Recorded data: Begin
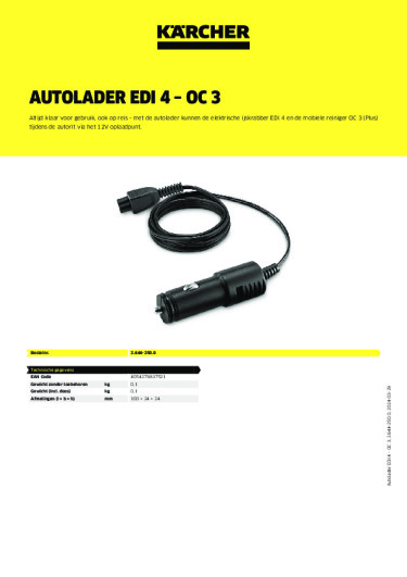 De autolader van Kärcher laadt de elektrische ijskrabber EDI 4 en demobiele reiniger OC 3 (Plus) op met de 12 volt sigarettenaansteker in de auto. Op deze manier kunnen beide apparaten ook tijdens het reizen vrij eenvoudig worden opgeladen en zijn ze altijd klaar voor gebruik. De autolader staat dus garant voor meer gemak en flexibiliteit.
Recorded data: End
Recorded data: Begin
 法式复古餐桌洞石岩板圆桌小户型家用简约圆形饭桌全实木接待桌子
Recorded data: End
Recorded data: Begin
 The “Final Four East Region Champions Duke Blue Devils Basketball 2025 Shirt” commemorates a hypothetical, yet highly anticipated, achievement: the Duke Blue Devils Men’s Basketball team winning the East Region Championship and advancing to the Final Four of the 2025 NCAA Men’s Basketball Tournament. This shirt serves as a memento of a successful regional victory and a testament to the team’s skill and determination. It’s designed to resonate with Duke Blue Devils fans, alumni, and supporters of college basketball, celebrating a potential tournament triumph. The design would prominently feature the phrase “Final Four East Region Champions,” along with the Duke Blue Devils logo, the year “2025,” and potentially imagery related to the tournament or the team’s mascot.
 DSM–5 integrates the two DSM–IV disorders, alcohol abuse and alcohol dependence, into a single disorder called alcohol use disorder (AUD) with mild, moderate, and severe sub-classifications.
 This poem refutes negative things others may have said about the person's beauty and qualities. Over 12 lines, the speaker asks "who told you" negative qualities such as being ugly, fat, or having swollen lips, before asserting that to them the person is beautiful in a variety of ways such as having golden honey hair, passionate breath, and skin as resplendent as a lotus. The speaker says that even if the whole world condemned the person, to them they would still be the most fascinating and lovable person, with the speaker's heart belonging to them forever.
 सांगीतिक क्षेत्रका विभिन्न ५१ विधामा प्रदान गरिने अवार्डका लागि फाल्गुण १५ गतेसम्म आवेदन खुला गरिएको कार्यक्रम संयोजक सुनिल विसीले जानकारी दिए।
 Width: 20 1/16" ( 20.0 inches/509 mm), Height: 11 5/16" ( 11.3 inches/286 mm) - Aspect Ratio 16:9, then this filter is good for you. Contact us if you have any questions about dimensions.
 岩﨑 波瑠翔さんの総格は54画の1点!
Recorded data: End
| Exercise aim |
The range runs from the line above containing "the team’s mascot." to the line containing "DSM–5 integrates the", inclusive. Restate those lines word for word and no others.

| Response box |
 The “Final Four East Region Champions Duke Blue Devils Basketball 2025 Shirt” commemorates a hypothetical, yet highly anticipated, achievement: the Duke Blue Devils Men’s Basketball team winning the East Region Championship and advancing to the Final Four of the 2025 NCAA Men’s Basketball Tournament. This shirt serves as a memento of a successful regional victory and a testament to the team’s skill and determination. It’s designed to resonate with Duke Blue Devils fans, alumni, and supporters of college basketball, celebrating a potential tournament triumph. The design would prominently feature the phrase “Final Four East Region Champions,” along with the Duke Blue Devils logo, the year “2025,” and potentially imagery related to the tournament or the team’s mascot.
 DSM–5 integrates the two DSM–IV disorders, alcohol abuse and alcohol dependence, into a single disorder called alcohol use disorder (AUD) with mild, moderate, and severe sub-classifications.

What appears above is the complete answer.